Are U-M's 163 diversity staffers too many? Depends who's asked

August 10, 2021, 12:10 PM by  Alan Stamm

The number of University of Michigan staffers assigned to diversity, equity and inclusion roles (163) is more than three and a half times the national average at 65 large campuses (45 people).

That's among findings in a recent study by The Heritage Foundation, a conservative policy center in Washington. The report's title signals its point of view: "Diversity University: DEI Bloat in the Academy."

Still, the numbers are real and come from universities representing 16 percent of all students in four-year U.S. institutions. The stated intent is a "systematic examination of the scope of DEI staffing in the academy ... and how levels of DEI personnel compare to other staffing priorities."

Heritage's agenda also is to question what it sees as universities' "adherence to ideological, political and activist goals" that conservatives dislike.

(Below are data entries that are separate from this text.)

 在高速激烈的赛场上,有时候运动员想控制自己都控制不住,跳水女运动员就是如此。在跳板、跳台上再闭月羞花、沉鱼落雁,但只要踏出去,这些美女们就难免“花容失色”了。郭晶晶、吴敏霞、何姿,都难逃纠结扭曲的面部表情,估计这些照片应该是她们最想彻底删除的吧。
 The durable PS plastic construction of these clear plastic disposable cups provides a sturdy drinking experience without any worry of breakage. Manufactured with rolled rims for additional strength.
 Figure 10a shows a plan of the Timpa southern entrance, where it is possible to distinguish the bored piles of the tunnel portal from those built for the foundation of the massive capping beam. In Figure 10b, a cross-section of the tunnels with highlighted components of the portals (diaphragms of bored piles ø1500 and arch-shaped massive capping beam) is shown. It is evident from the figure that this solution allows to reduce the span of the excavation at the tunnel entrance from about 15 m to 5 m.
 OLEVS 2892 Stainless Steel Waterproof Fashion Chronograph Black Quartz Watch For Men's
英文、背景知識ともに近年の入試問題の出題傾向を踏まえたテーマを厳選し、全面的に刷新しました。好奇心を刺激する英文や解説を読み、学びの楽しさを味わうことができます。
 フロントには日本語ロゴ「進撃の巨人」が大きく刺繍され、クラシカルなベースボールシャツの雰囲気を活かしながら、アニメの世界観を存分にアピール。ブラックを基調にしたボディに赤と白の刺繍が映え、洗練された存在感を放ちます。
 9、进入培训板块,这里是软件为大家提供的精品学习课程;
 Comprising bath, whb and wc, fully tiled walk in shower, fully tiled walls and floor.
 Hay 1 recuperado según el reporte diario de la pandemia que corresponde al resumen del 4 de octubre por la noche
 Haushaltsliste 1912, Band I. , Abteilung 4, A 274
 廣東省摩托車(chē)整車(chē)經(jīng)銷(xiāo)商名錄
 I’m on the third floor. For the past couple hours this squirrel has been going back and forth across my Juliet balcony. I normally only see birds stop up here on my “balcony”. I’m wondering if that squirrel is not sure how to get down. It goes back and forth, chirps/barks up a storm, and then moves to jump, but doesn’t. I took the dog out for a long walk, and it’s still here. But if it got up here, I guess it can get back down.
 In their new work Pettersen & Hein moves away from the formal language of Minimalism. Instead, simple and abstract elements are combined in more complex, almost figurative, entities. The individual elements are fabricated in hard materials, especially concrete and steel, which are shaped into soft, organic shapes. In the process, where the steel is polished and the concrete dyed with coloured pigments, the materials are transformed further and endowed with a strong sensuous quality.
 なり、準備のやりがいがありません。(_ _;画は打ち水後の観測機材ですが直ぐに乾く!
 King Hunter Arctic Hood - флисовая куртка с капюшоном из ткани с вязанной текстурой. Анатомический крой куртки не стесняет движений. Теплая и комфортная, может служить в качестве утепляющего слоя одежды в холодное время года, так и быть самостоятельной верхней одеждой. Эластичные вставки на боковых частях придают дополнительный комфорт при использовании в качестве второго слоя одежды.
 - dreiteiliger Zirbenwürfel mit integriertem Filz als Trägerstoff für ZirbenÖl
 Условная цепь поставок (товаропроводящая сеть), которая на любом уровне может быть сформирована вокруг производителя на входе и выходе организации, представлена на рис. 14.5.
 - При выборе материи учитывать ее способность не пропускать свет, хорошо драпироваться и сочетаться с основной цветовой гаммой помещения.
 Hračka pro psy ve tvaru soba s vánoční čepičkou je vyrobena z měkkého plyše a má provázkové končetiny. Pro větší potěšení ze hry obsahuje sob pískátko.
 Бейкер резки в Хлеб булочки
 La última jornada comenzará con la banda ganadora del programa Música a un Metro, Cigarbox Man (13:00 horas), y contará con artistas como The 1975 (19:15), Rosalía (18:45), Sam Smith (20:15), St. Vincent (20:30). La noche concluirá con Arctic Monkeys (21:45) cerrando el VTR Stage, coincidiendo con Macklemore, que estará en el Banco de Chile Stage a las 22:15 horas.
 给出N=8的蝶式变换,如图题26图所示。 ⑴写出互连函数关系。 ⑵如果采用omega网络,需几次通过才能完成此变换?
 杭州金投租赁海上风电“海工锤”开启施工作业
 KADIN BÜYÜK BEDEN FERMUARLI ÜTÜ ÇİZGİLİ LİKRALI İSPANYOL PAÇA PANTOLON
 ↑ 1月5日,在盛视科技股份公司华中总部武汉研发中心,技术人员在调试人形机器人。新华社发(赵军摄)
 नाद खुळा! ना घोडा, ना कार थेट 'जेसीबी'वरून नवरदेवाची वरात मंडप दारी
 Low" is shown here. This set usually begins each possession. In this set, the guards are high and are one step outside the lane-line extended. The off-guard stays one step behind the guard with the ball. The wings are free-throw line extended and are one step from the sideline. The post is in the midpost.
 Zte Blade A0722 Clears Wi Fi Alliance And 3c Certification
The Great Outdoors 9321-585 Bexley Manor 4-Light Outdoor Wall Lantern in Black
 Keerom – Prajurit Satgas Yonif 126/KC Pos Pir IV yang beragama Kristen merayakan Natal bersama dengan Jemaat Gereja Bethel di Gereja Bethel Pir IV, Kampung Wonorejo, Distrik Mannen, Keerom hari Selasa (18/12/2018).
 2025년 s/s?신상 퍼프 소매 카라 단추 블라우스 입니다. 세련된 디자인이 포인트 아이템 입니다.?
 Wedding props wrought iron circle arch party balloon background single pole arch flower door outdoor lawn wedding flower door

The number of people universities devote to promoting DEI goals is something they want to do. ...

[Staff sizes] have more to do with the increasingly imbalanced ideological nature of universities than with actual promotion of diversity, equity and inclusion.

University of Michigan announcement last month

U-M spokesperson Rick Fitzgerald tells the Mackinac Center for Public Policy, a Midland ally of Heritage, that it would "not be accurate to assume all 163 of those identified by the authors as doing DEI work full-time." The center's news site quotes him as adding:

"We believe that everyone should have an equitable opportunity to succeed and contribute to the greater society. We recognize that one cannot achieve those goals without intentional efforts to incorporate those principles within all of our operations as an institution.

"That commitment means that we must employ a team doing this work full-time, with many others in units all across the institution who do this work in addition to their primary work duties as digital strategists, communicators, finance administrators, associate deans and scores of other roles."

In any event, the data is worth noting whether one thinks it shows an admirable priority or a questionable one.

The think tank, which describes U-M's number of diversity administrators and staff as "strikingly large," presents these findings in its 18-page report:

► The University of Michigan lists 14.8 people tasked to promoting DEI for every one person responsible for providing services to students with disabilities.

(Photo: University of Michigan Office of Diversity, Equity and Inclusion)

► It has the most people working on DEI and it has the highest ratio [over 14 to 1] of DEI personnel to ADA [Americans with Disabilities Act] compliance staff.

► U-M has 5.8 DEI personnel for every 100 tenured or tenure-track faculty, compared to an average 3.4 among 65 universities studied.

► The total of DEI administrators and support staff is more than double the number of history professors.

► Nineteen of its 163 people work in a central office of DEI.

► Five people are listed in the Multicultural Center, another 24 are found in the Center for the Education of Women and the LGBTQ Spectrum Center has 12 people.

► Eighteen people are listed on the Multiethnic Student Affairs website with another 14 are at the Office of Academic Multicultural Initiatives. Colleges and departments also have their own DEI staff.